Why does this matter to you? Because it’s kicking off a real fight over who owns AI “knowledge.” The big labs are now writing terms of service that explicitly ban using their outputs to train competing models, and they’re getting better at detecting when it happens. It’s a bit like a restaurant trying to legally stop you from reverse-engineering their secret sauce. This legal and technical tug-of-war will shape which AI tools survive, which get sued into oblivion, and ultimately which ones you’ll have access to in two years.

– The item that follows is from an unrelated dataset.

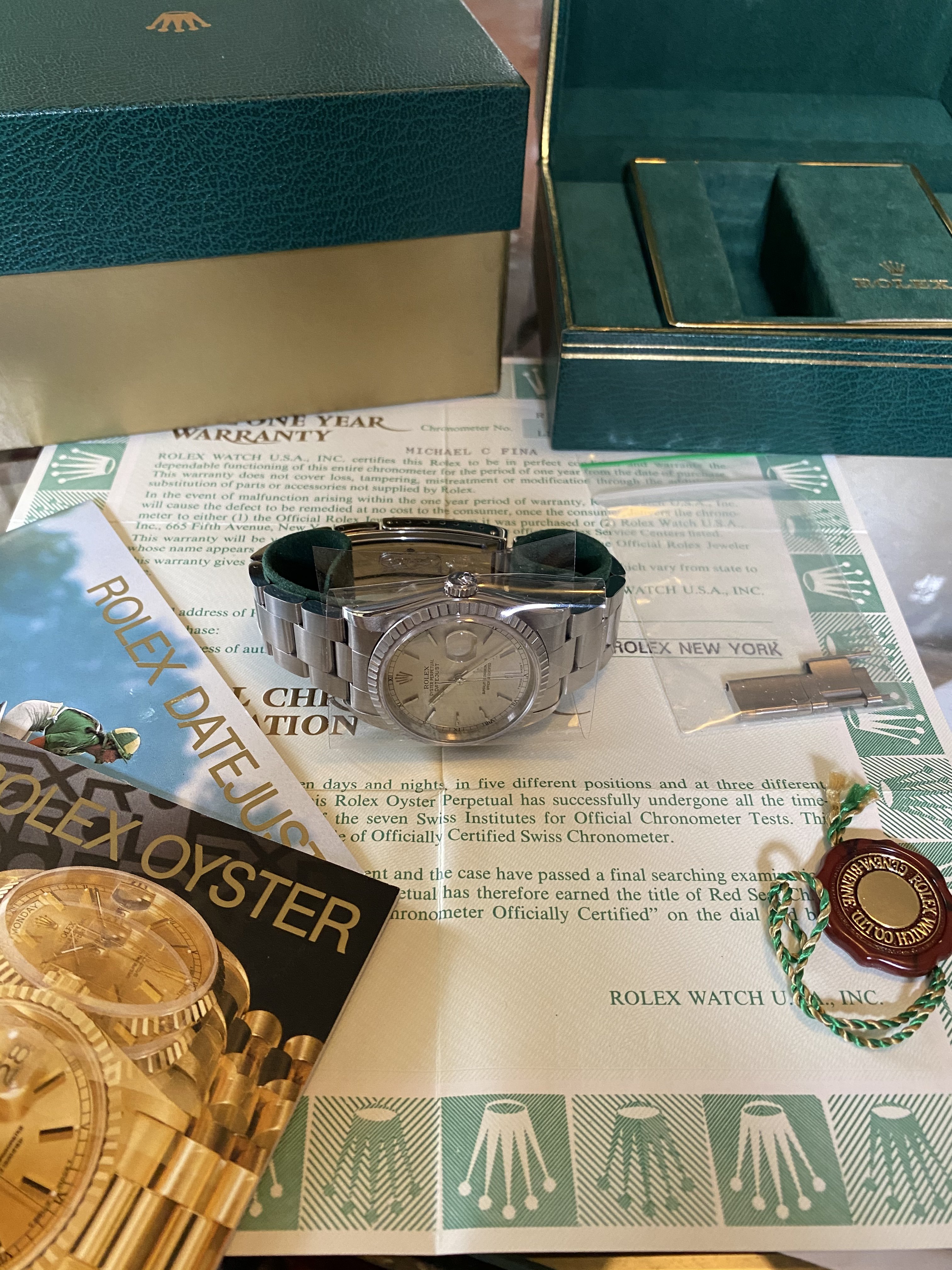 It wasn't until much later that I realized the papers included with my watch weren't for my watch but for another 16220 (possible IBM as well) Datejust. With the help of another member, we looked into every IBM Datejust we could find, and found a plausible reason why my papers were incorrect. Every IBM Datejust that we could find, that was pictured with their papers, had the name Michael C Fina stamped on them, which was a jeweler in NY. It's possible the jeweler put the papers in the incorrect box from the get go, but we had a feeling this was accidentally done by IBM when they received and inspected the watch(es). Its all speculation but both of us were confident these papers have lived their entire life with my watch. Like the two brochures, the papers had crisp folded edges that looked to have never been opened. It's a bummer the papers didn't match but to me, these are part of the watch and I really don't mind it.

Here’s where you can actually use this to your advantage. First, if you’re a small business owner, pay attention to which AI tools are building on solid legal ground versus which ones might disappear or get hobbled by lawsuits. Tools built on distilled or legally shaky models could vanish or degrade overnight, so diversify what you rely on rather than going all-in on one platform. Second, there’s genuine freelance work emerging here — companies need people to audit and document how they’re using AI outputs, making sure they stay within terms of service. If you’re detail-oriented, offering “AI compliance” checks to small businesses is a real niche with real demand right now. Third, if you create content for a living — writing, coaching, courses — this is your reminder that human-generated, experience-based content is becoming more valuable, not less, as AI-generated stuff floods the market. Double down on your personal stories and specific expertise, because that’s genuinely hard to copy or distill.

The messy legal reality of AI training means the smartest move is treating these tools like borrowed equipment — useful today, but always have a backup plan.